PyCharm 2024.1 Help

Custom Spark cluster

In the Spark Submit run configuration, you can use AWS EMR or Dataproc as remote servers to run your applications. Besides these two options, you can also configure your own custom Spark cluster: Set up an SSH configuration to connect to a remote server and, optionally, configure connections to a Spark History server and an SFTP connection.

Create a Custom Spark cluster

  1. In the Big Data Tools window, click Add a connection and select Custom Spark Cluster.

  2. In the first step of the window that opens, select an SSH configuration and click Next. This SSH configuration will be used to connect to a server on which spark-submit is installed.

    Select Spark Submit
  3. If you want to monitor Spark jobs in the IDE, specify parameters for establishing a connection to a Spark history server in the second step of the wizard.
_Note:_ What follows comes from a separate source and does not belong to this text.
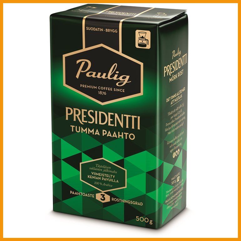 Pauligin Presidentti Tumma Paahto on lähes satavuotias klassikkokahvi. Tummapaahtoinen ja suklaisella jälkimaulla siunattu kahvi on täyteläinen ja aromikas. Kestävästi valmistettu tuote on Rainforest Alliance -sertifioitu.Paahtoaste: 3

Specify your custom parameters or use default settings, which will create a connection to localhost:18080 using an SSH tunneling.

    Otherwise, select I don't need a connection to Spark History server.

    Select Spark Submit
  4. If you need an SFTP connection to your Spark cluster, specify its settings in the third step of the wizard.

    Otherwise, select I don't need an SFTP connection to Driver Node.

    Select Spark Submit

If you've set up both Spark History and SFTP connections, they will be available under Custom Spark Cluster in the Big Data Tools tool window.

Select Spark Submit

You can now select this cluster as a remote target in the Spark Submit run configuration. When you launch this run configuration, you'll be able to open the Spark job in the Services tool window by clicking the link in the application output.

Last modified: 05 April 2024